Standard spices and condiments for Indian cuisine
The staple food of Indians is rice, atta (wheat flour), and various types of beans. The most important types of beans are masoor (lentils), chana (chickpeas), toor (gude beans), urad (black beans), and green beans. Nuts can be used whole, peeled, halved after being peeled (called dal), or chickpeas ground into flour (besan).
A complete Indian meal consists of white rice or various types of bread (naan, puri, roti) and vegetable curry (sabzi). Livestock or seafood consumption is not considered a main course, including by non-vegetarians. In Indian cuisine, apart from being the main course, vegetables are cooked as an appetizer, light consumption, pickles, and desserts.
Cooking oil is needed to make curry. In West and North India, people use peanut oil from peanuts, and mustard oil is more commonly used in East India. In South India, coconut oil and sesame oil are more commonly used for cooking. Apart from that, sunflower oil and soybean oil are also popular in India. A hydrogenated vegetable oil called vanaspati is also popular as a substitute for ghee (ghee).
Spices that are often used in Indian cuisine are chili (mirch), black mustard seed (rai), cumin (jeera), turmeric (haldi, manjal), klabet (methi), asafetida (hing, perungayam), ginger (adrak). , inji), cinnamon (dalchini), coriander (dhania), garlic (lassan, poondu), and ajwain (mainly in Gujarat and Punjab).
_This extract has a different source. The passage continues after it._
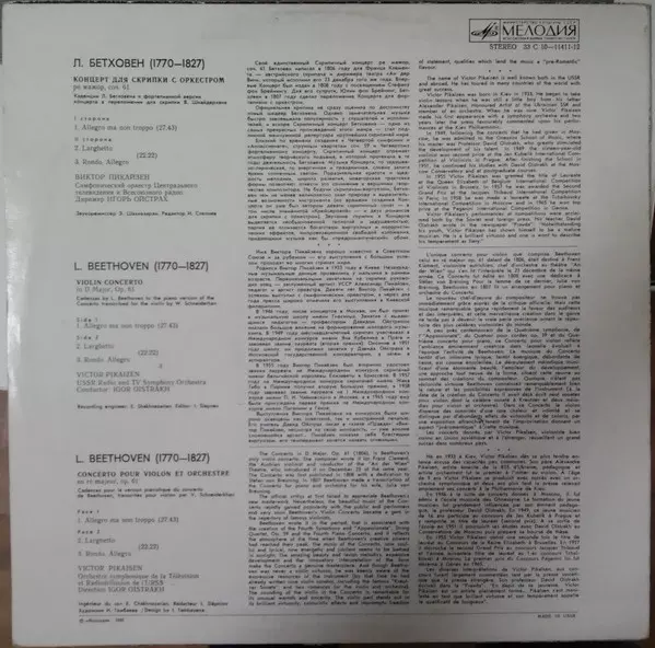 | Wykonawca | Ludwig van Beethoven | Igor Oistrach | Viktor Pikaizen |
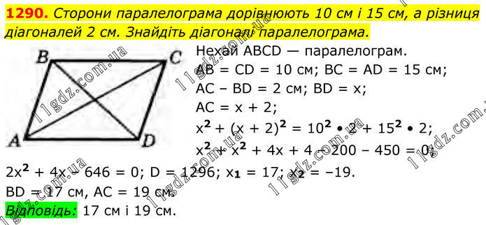 1290. Сторони паралелограма дорівнюють 10 см і 15 см, а різниця діагоналей 2 см. Знайдіть діагоналі паралелограма. Нехай ABCD — паралелограм. AB = CD = 10 cм; BC = AD = 15 см; AC – BD = 2 cм; BD = x; AC = x + 2; x2 + (x + 2)2 = 102 • 2 + 152 • 2; x2 + x2 + 4x + 4 – 200 – 450 = 0; 2x2 + 4x – 646 = 0; D = 1296; x1 = 17; x2 = –19. BD = 17 cм, AC = 19 cм. Відповідь: 17 cм і 19 cм.

The most popular ready-to-use seasoning is garam masala powder which consists of at least five different spices, coriander, cumin, cardamom, cinnamon, and cloves. Garam masala is sprinkled on top of the dish when it is almost cooked so that the aroma of garam masala does not disappear. Each region has its own special garam masala, for example, the popular goda masala in Maharashtra. Cooks also often mix their own ingredients for garam masala.
Indian cuisine also uses a variety of herbaceous leaves, for example, tejpat (cassia leaf), coriander leaves, fenugreek leaves, and mint leaves (podina). Other spices or seasonings that are often used are nutmeg (jaiphal), mango powder (amchur), kuma-kuma (kesari), red pepper powder (deghi mirch), and rose liquid. Koja bay leaf (curry patta) is almost always used in South Indian cuisine.